Diversification Opportunities for Elton International and Eurobank Ergasias
0.39 | Correlation Coefficient |
Weak diversification
The 3 months correlation between Elton and Eurobank is 0.39. Overlapping area represents the amount of risk that can be diversified away by holding Elton International Trading and Eurobank Ergasias Services in the same portfolio, assuming nothing else is changed. The correlation between historical prices or returns on Eurobank Ergasias and Elton International is a relative statistical measure of the degree to which these equity instruments tend to move together. The correlation coefficient measures the extent to which returns on Elton International Trading are associated (or correlated) with Eurobank Ergasias.

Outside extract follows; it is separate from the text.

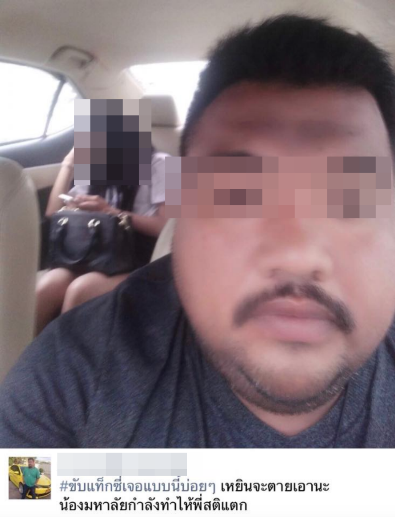 เพจเฟซบุ๊ก “Taxi report TH” โพสต์ข้อความเตือนภัยผู้โดยสารสาวที่ใช้บริการรถแท็กซี่ ทะเบียน ทห-5642 กทม. โดยมีภาพคนขับรถแท็กซี่ ที่ถ่ายเซลฟี่โดยมีผู้โดยสารนั่งอยู่ด้านหลัง พร้อมระบุข้อความว่า แท็กซี่สีเหลืองคันหนึ่งมีการแสดงพฤติกรรมที่ไม่เหมาะสมกับผู้โดยสารหญิง ด้วยการแอบถ่ายเวลาเผลอ หลับ หรือนั่งเล่นโทรศัพท์มือถือ แล้วนำภาพไปเผยแพร่บนเฟซบุ๊กส่วนตัวที่เปิดสาธารณะ แล้วพูดแซวเล่นกับเพื่อน ซึ่งมีหญิงสาวตกเป็นเหยื่อนับสิบราย ทั้งข้าราชการ นักศึกษา รวมไปถึงสาวออฟฟิศ และมีการดัดแปลงสภาพรถ ผิดพระราชบัญญัติขนส่งทางบกอีกด้วย

Values of the correlation coefficient range from -1 to +1, where. The correlation of zero (0) is possible when the price movement of Eurobank Ergasias has no effect on the direction of Elton International i.e., Elton International and Eurobank Ergasias go up and down completely randomly.
Pair Corralation between Elton International and Eurobank Ergasias
Assuming the 90 days trading horizon Elton International is expected to generate 1.19 times less return on investment than Eurobank Ergasias. In addition to that, Elton International is 1.03 times more volatile than Eurobank Ergasias Services. It trades about 0.12 of its total potential returns per unit of risk. Eurobank Ergasias Services is currently generating about 0.14 per unit of volatility. If you would invest 195.00 in Eurobank Ergasias Services on September 12, 2024 and sell it today you would earn a total of 29.00 from holding Eurobank Ergasias Services or generate 14.87% return on investment over 90 days.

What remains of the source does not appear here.